Took a few with my phone but they are pretty crap, and don't show the course in it's glory.


----------



## imran_ali (Dec 17, 2011)

Excellent company.............I wish I could have done the same on the front 9 lol. James gave us a few wise words prior to T off. If he did not tell us about the 2nd hole T shot I would have smashed a driver into no mans land lol. 
If anyone wants to play my home course (woolston manor, chigwell) you are more then welcome to join me anytime.


----------



## coolhand (Dec 17, 2011)

Thanks for your company (and patience) today guys, I don't get to play that much, so it was a great day and really enjoyed it.

Richard and I did win. This time (unlike at Blackmore's Imurg), I did actually contribute albeit only on the couple of holes I didn't make a hames of.

James thanks for taking the time to say hello and I now wish I'd had a vocation to be a Chef cause I want your job, although I suspect that's only because I'm looking at it with rose tinted glasses.

Finally I recommed a visit to anyone, although Himalyas is still a work in progress (it will be great when finished), Shore was great, Dunes looks as good and the club is very welcoming.


----------



## rob2 (Dec 18, 2011)

Thanks guys, great round with great company.

We definately got lucky with the weather and it was great to meet both new and old faces. The club was very welcoming and as Luke says, a lot of investment going in to the Himalayas course which will be great when finished.

RichardC was definately a good advert for custom fitting as he hit some great shots with his new bats 

Next time, lets visit the neighbours (Royal St Georges)

Thanks fellas,

Rob


----------



## CallawayKid (Dec 19, 2011)

Did you lose any balls for me Rob??!!

Sounds like fun was had, really wish I'd been there.

CK


----------



## rob2 (Dec 19, 2011)

Sorry mate.
One ball all the way round. Unusually straight off of the tee, think I only missed one fairway. :whoo:Wouldnt 

mind getting used to that. 35 points I was over the moon!

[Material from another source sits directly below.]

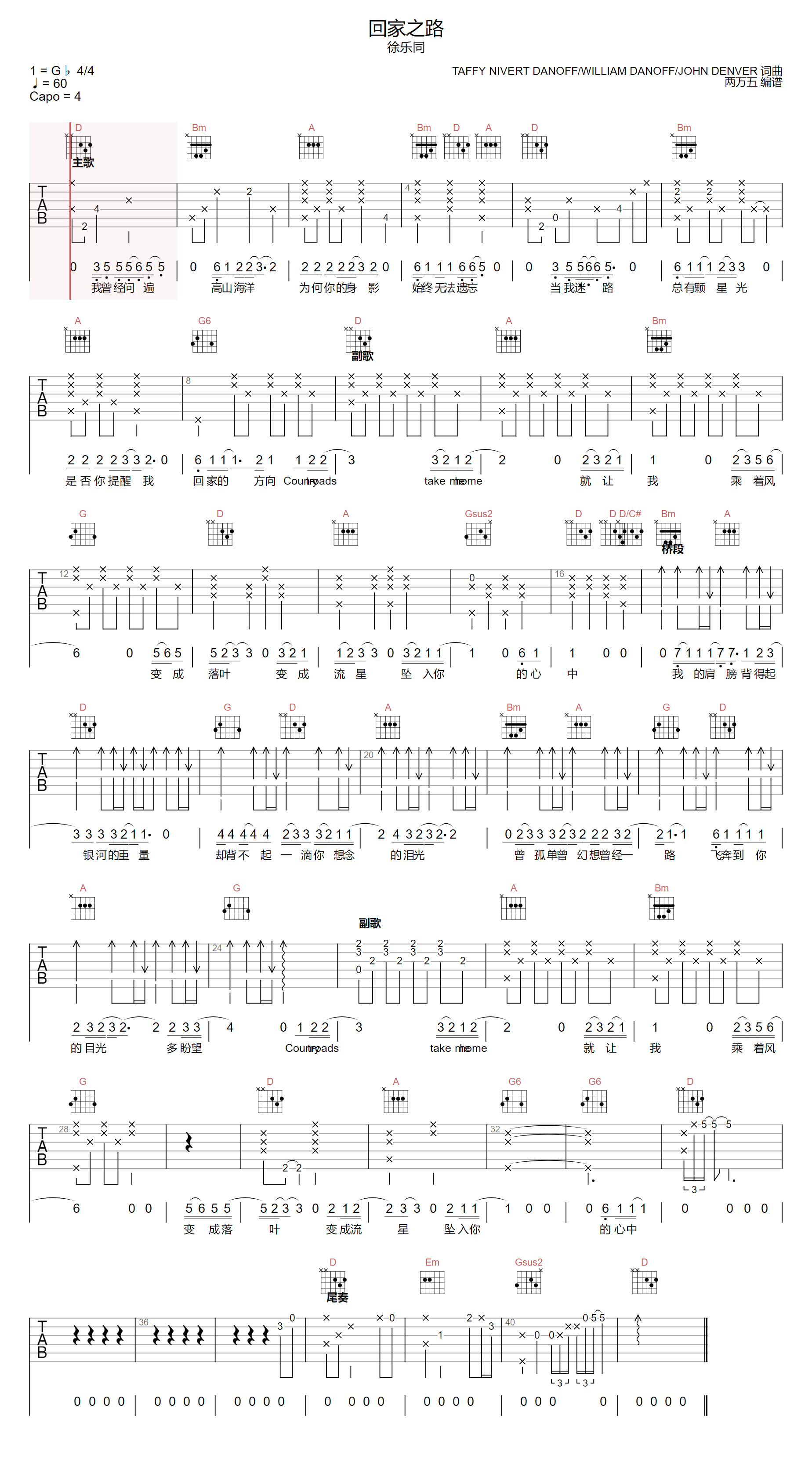 回家之路吉他谱 - 徐乐同 - D调吉他弹唱谱

Next round will probably be a shocker to make up for it. Golf karma = Always ready to kick you in the knackers.

Rob


----------



## Smiffy (Dec 19, 2011)

rob2 said:



			35 points I was over the moon!  Rob
		
Click to expand...

   Yeah but Princes is a bit "easy peasy" isn't it Rob?


----------



## rob2 (Dec 19, 2011)

You miserable sod.

Cant I have 5 minutes of glory


----------



## imran_ali (Dec 19, 2011)

ROB it was a blessing that god gave you big shoulders.................lol
you definately played well.


----------



## coolhand (Dec 19, 2011)

By my reconing Rob Smiffy gave you at least 20 minutes.

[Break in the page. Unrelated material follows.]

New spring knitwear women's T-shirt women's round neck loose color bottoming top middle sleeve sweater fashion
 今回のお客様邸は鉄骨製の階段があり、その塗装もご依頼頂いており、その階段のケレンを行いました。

To be honest there was good golf played by all 3 of my playing partners, I was just happy to have got at least one gross Par on my 1st Links outing.

Once again thanks for the company.


----------



## imran_ali (Dec 20, 2011)

coolhand said:



			By my reconing Rob Smiffy gave you at least 20 minutes.

To be honest there was good golf played by all 3 of my playing partners, I was just happy to have got at least one gross Par on my 1st Links outing.

Once again thanks for the company.
		
Click to expand...

That was some putt you sank on the par 5, front 9.........I honestly though I had the hole when I was on the green for 3 lol.


----------



## Smiffy (Dec 20, 2011)

coolhand said:



			By my reconing Rob Smiffy gave you at least 20 minutes.
		
Click to expand...

   Sorry. Was only joking! Princes can be a tough bugger, especially when the wind is blowing.  But for some reason I can't do smilies so hope you didn't take my comment too seriously... Well I can't do the "forums" smilies but I can do the ones below.......


----------



## rob2 (Dec 20, 2011)

Click to expand...

Ha ha. Love it!


----------